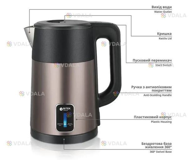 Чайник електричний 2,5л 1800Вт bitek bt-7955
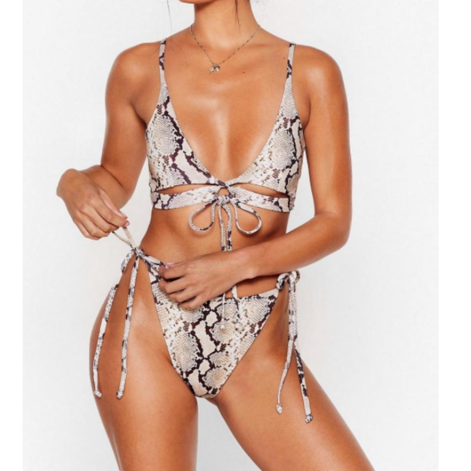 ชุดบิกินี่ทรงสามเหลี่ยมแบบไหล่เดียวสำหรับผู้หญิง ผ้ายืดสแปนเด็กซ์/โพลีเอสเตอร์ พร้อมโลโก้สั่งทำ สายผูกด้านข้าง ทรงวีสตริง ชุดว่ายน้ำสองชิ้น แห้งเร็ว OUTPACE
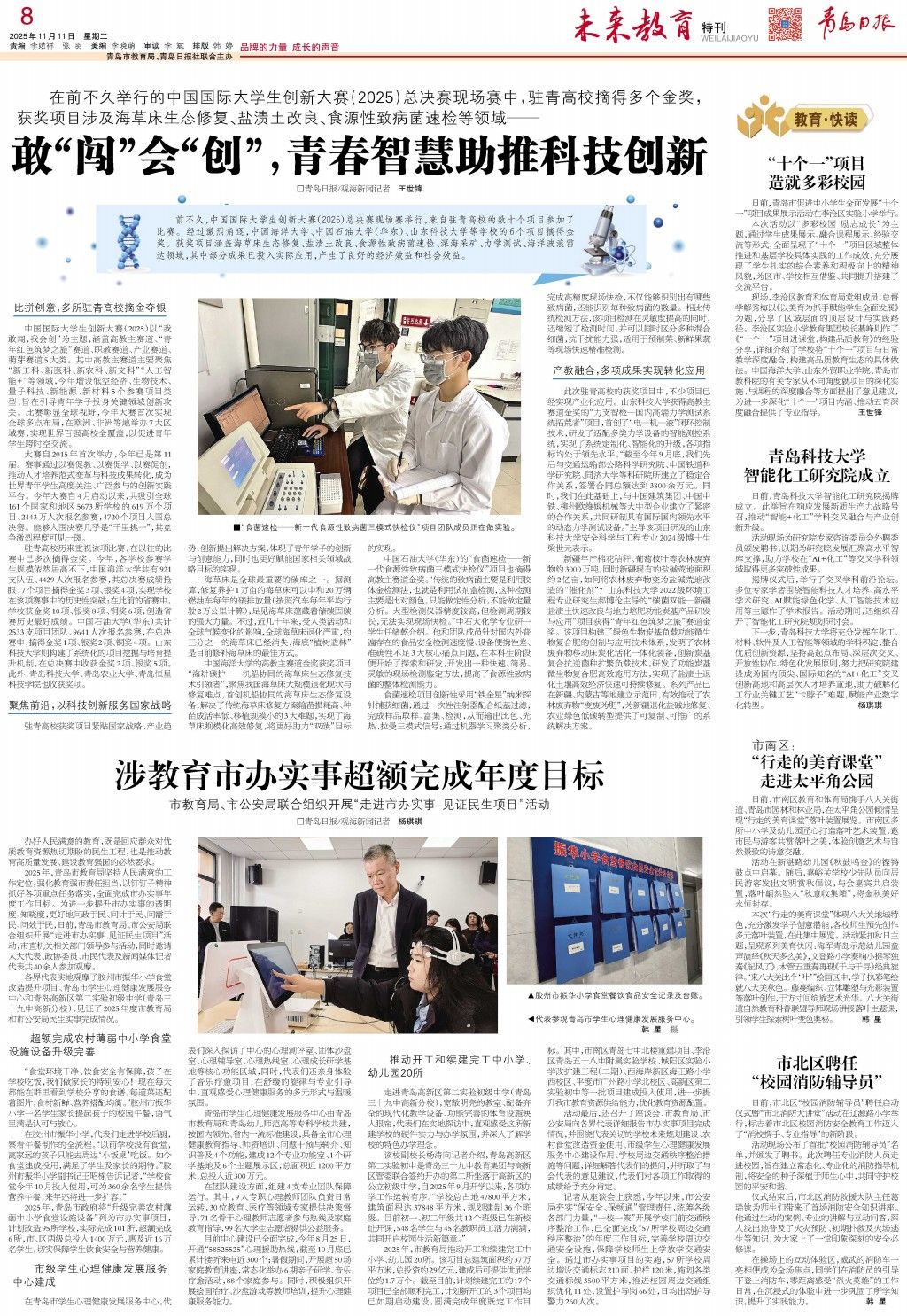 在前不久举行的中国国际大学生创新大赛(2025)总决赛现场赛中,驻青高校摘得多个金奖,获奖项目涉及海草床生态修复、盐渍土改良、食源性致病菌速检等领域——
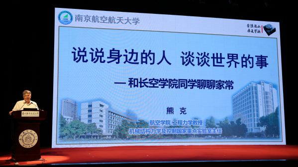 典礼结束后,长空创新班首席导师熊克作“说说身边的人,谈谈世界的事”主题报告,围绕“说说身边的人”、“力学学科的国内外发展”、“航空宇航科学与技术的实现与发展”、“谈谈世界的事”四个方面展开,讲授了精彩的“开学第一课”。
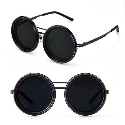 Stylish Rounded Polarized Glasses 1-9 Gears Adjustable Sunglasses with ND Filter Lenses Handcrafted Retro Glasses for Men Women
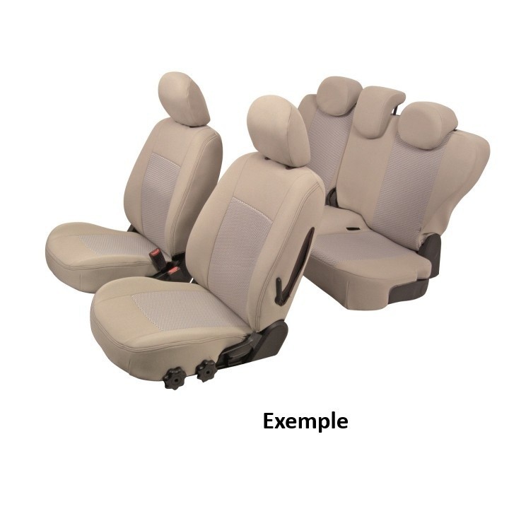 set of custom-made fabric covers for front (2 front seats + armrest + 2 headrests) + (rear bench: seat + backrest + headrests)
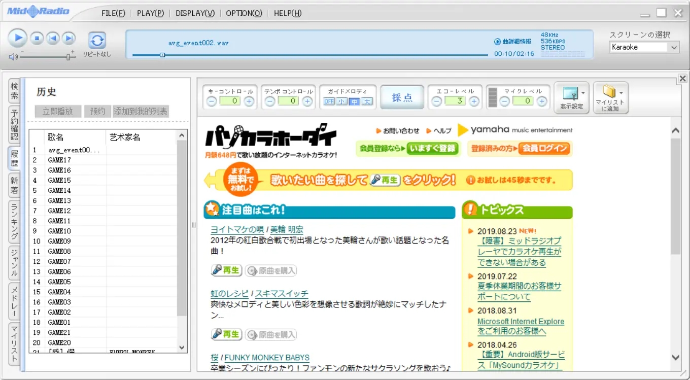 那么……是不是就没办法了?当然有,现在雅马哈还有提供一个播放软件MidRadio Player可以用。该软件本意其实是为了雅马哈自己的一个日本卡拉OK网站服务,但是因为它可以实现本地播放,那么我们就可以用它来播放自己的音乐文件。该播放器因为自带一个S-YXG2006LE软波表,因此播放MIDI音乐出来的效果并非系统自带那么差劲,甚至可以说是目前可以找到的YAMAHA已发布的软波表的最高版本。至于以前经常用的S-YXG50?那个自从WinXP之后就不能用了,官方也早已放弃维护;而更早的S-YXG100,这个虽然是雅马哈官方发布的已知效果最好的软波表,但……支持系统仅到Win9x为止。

━━━━━━

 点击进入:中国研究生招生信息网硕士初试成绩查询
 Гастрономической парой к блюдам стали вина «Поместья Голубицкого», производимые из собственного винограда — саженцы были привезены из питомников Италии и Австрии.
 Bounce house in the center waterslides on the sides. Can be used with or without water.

━━━━━━

#### PROBLEM DESCRIPTION
Within the listing above, find the line containing "Чайник електричний 2,5л 1800Вт bitek bt-7955" and the line containing "Stylish Rounded Polarized". Transcribe them and everything between them exactly, leaving out the pictures.

#### COMPLETED EXERCISE
 Чайник електричний 2,5л 1800Вт bitek bt-7955
 ชุดบิกินี่ทรงสามเหลี่ยมแบบไหล่เดียวสำหรับผู้หญิง ผ้ายืดสแปนเด็กซ์/โพลีเอสเตอร์ พร้อมโลโก้สั่งทำ สายผูกด้านข้าง ทรงวีสตริง ชุดว่ายน้ำสองชิ้น แห้งเร็ว OUTPACE
 在前不久举行的中国国际大学生创新大赛(2025)总决赛现场赛中,驻青高校摘得多个金奖,获奖项目涉及海草床生态修复、盐渍土改良、食源性致病菌速检等领域——
 典礼结束后,长空创新班首席导师熊克作“说说身边的人,谈谈世界的事”主题报告,围绕“说说身边的人”、“力学学科的国内外发展”、“航空宇航科学与技术的实现与发展”、“谈谈世界的事”四个方面展开,讲授了精彩的“开学第一课”。
 Stylish Rounded Polarized Glasses 1-9 Gears Adjustable Sunglasses with ND Filter Lenses Handcrafted Retro Glasses for Men Women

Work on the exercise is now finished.